# [PROVIDED DATA]
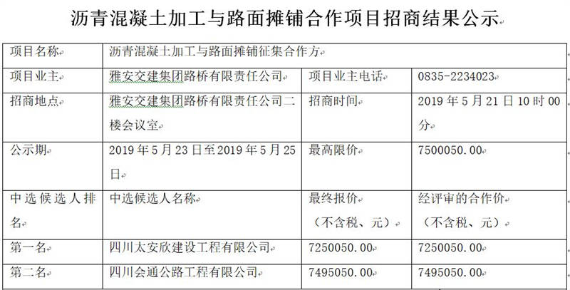 米兰体育-米兰(中国)官网 路桥有限责任公司沥青混凝土加工与路面摊铺合作项目招商结果公告
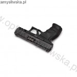 Stan bardzo dobry. Powłoki w stanie bardzo dobrym - brak najmniejszych zarysowań, wytarć i uszkodzeń (widoczne nierównomierności koloru powłoki pochodzą od roztartego oleju). Przewód lufy w stanie idealnym - krystalicznie nieskazitelny, potwierdzony badaniem boroskopem Hawkeye. Polimerowy szkielet w stanie bardzo dobrym - bez zarysowań i uszkodzeń. Pistolet sprawny, po przeglądzie rusznikarskim i testach na strzelnicy. W zestawie cztery magazynki, szybkoładowarka do magazynków, dwie dodatkowe nakładki uchwytu, tarcza pierwszego przystrzelenia, oryginalna instrukcja, oryginalne pudełko. Długość całkowita: 18cm, wysokość 13,5cm, długość lufy 102mm (4").
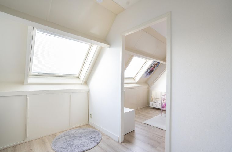Tweede verdieping: de tweede verdieping biedt toegang tot de CV-ruimte met opstelplaats van de CV-installatie en de aansluitingen voor de wasapparatuur, een aparte bergruimte en nog een extra slaapkamer! De slaapkamer is uitgevoerd met een wastafel en een groot dakraam.
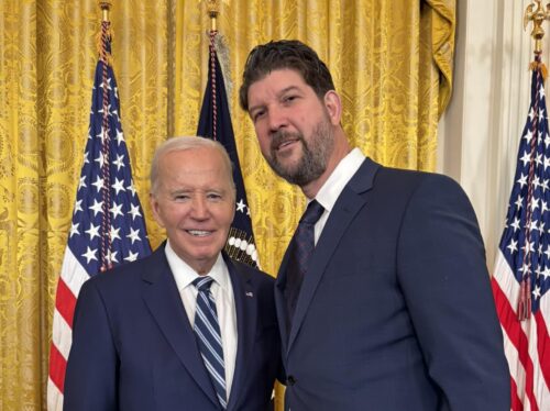 President Joe Biden and CTA President David Goldberg at the signing of the Social Security Fairness Act at The White House.
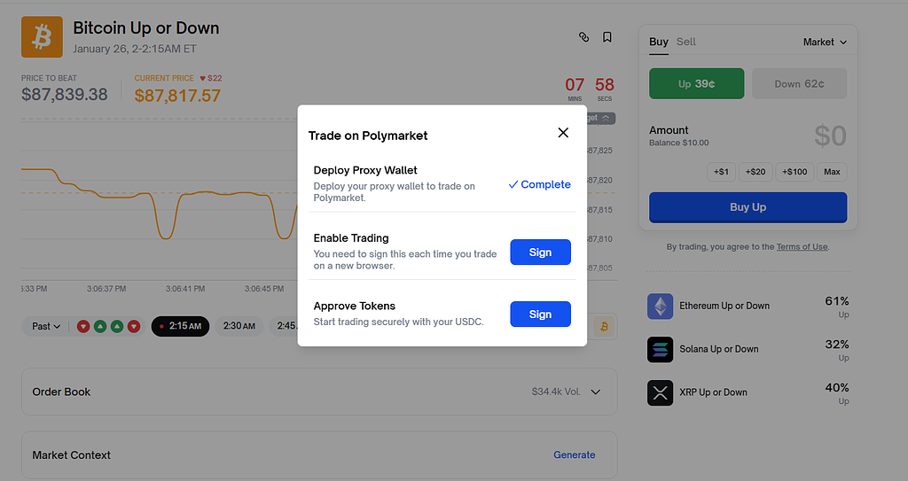 那么举例进行开单,以BTC 15分钟涨跌为例。
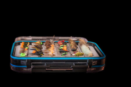 Box with fly-flies on a black background. Fishing equipment.
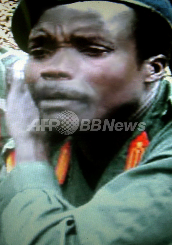 【Kampala/ウガンダ 24日 AFP】 ウガンダの主要反政府勢力である「神の抵抗軍」(Lord Resistance Movement、LRM)の指導者ジョゼフ・コニー(Joseph Kony)容疑者が20年近くに及ぶ血なまぐさい紛争を終結したい意向であることが、24日に発見された同容疑者に関する極めてまれなビデオで明らかになった。国際指名手配されている同容疑者と、紛争終結に向け仲裁を試みる南部スーダンの自治政府が5月中旬に開いた会合の模様を収録したDVDで、同容疑者は、政府との和平の用意があると語っている。写真は、Kampalaのメディアグループ「モニター」が24日入手したコニー容疑者の様子。(c)AFP
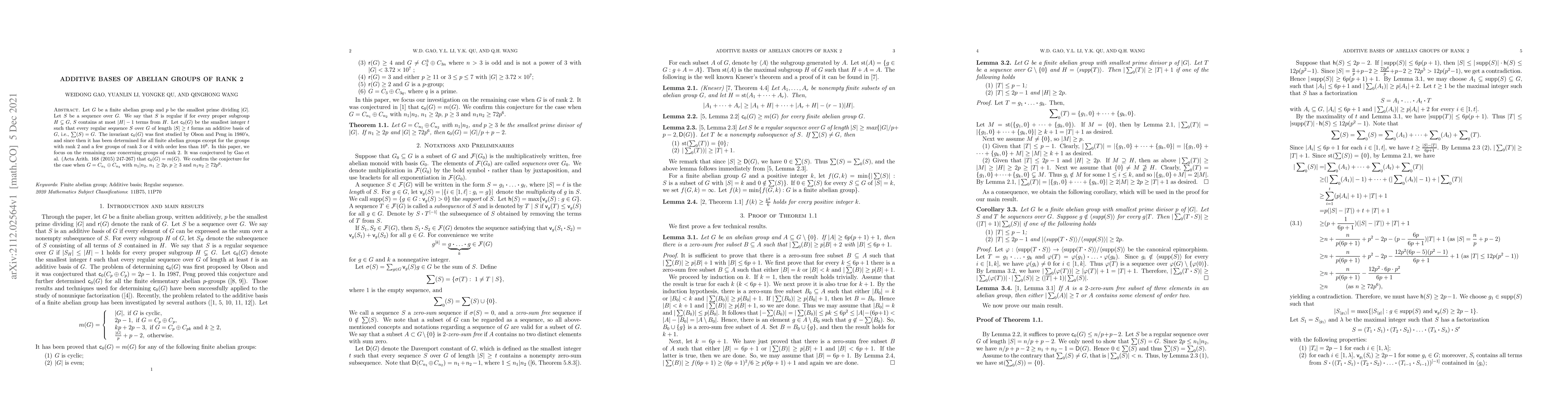 This paper investigates additive bases for finite abelian groups of rank 2, confirming a conjecture by Gao et al. that the smallest integer $t$ ensuring every regular sequence of length $t$ forms an additive basis equals the minimum number of generators $m(G)$ for specific groups where $n_1|n_2$, $n_1\geq 2p$, $p\geq 3$, and $n_1n_2\geq 72p^6$.
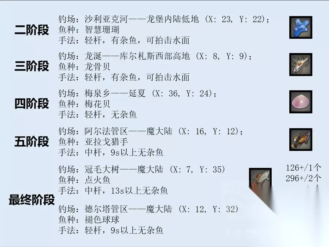 3.2 天钢工具第二阶段: 收集40个[智慧珊瑚HQ]在天钢机工房内NPC德尼斯处和背包内<天钢钓竿>交换<天钢钓竿+1>。 钓场:沙利亚克河——龙堡内陆低地 (X: 23, Y: 22); 鱼种:智慧珊瑚(轻杆)秋叶鱼(轻杆)船虫(中杆);
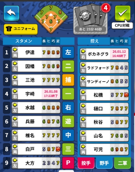 ゲーム 匿名さん(0aa00365_572c19) |2026.1.6(11:55) ダイナマイト野球のスタメンどう思う? スタメンの改善点をお願いします 通報する お気に入りに入れる このユーザーをブロック

# [TASK OBJECTIVE]
The lines wanted are those from the start of the material above through the line with "This paper investigates", both included; print them exactly and skip any picture.

# [WRITTEN RESPONSE]
 米兰体育-米兰(中国)官网 路桥有限责任公司沥青混凝土加工与路面摊铺合作项目招商结果公告
 Stan bardzo dobry. Powłoki w stanie bardzo dobrym - brak najmniejszych zarysowań, wytarć i uszkodzeń (widoczne nierównomierności koloru powłoki pochodzą od roztartego oleju). Przewód lufy w stanie idealnym - krystalicznie nieskazitelny, potwierdzony badaniem boroskopem Hawkeye. Polimerowy szkielet w stanie bardzo dobrym - bez zarysowań i uszkodzeń. Pistolet sprawny, po przeglądzie rusznikarskim i testach na strzelnicy. W zestawie cztery magazynki, szybkoładowarka do magazynków, dwie dodatkowe nakładki uchwytu, tarcza pierwszego przystrzelenia, oryginalna instrukcja, oryginalne pudełko. Długość całkowita: 18cm, wysokość 13,5cm, długość lufy 102mm (4").
Tweede verdieping: de tweede verdieping biedt toegang tot de CV-ruimte met opstelplaats van de CV-installatie en de aansluitingen voor de wasapparatuur, een aparte bergruimte en nog een extra slaapkamer! De slaapkamer is uitgevoerd met een wastafel en een groot dakraam.
 President Joe Biden and CTA President David Goldberg at the signing of the Social Security Fairness Act at The White House.
 那么举例进行开单,以BTC 15分钟涨跌为例。
 Box with fly-flies on a black background. Fishing equipment.
 【Kampala/ウガンダ 24日 AFP】 ウガンダの主要反政府勢力である「神の抵抗軍」(Lord Resistance Movement、LRM)の指導者ジョゼフ・コニー(Joseph Kony)容疑者が20年近くに及ぶ血なまぐさい紛争を終結したい意向であることが、24日に発見された同容疑者に関する極めてまれなビデオで明らかになった。国際指名手配されている同容疑者と、紛争終結に向け仲裁を試みる南部スーダンの自治政府が5月中旬に開いた会合の模様を収録したDVDで、同容疑者は、政府との和平の用意があると語っている。写真は、Kampalaのメディアグループ「モニター」が24日入手したコニー容疑者の様子。(c)AFP
 This paper investigates additive bases for finite abelian groups of rank 2, confirming a conjecture by Gao et al. that the smallest integer $t$ ensuring every regular sequence of length $t$ forms an additive basis equals the minimum number of generators $m(G)$ for specific groups where $n_1|n_2$, $n_1\geq 2p$, $p\geq 3$, and $n_1n_2\geq 72p^6$.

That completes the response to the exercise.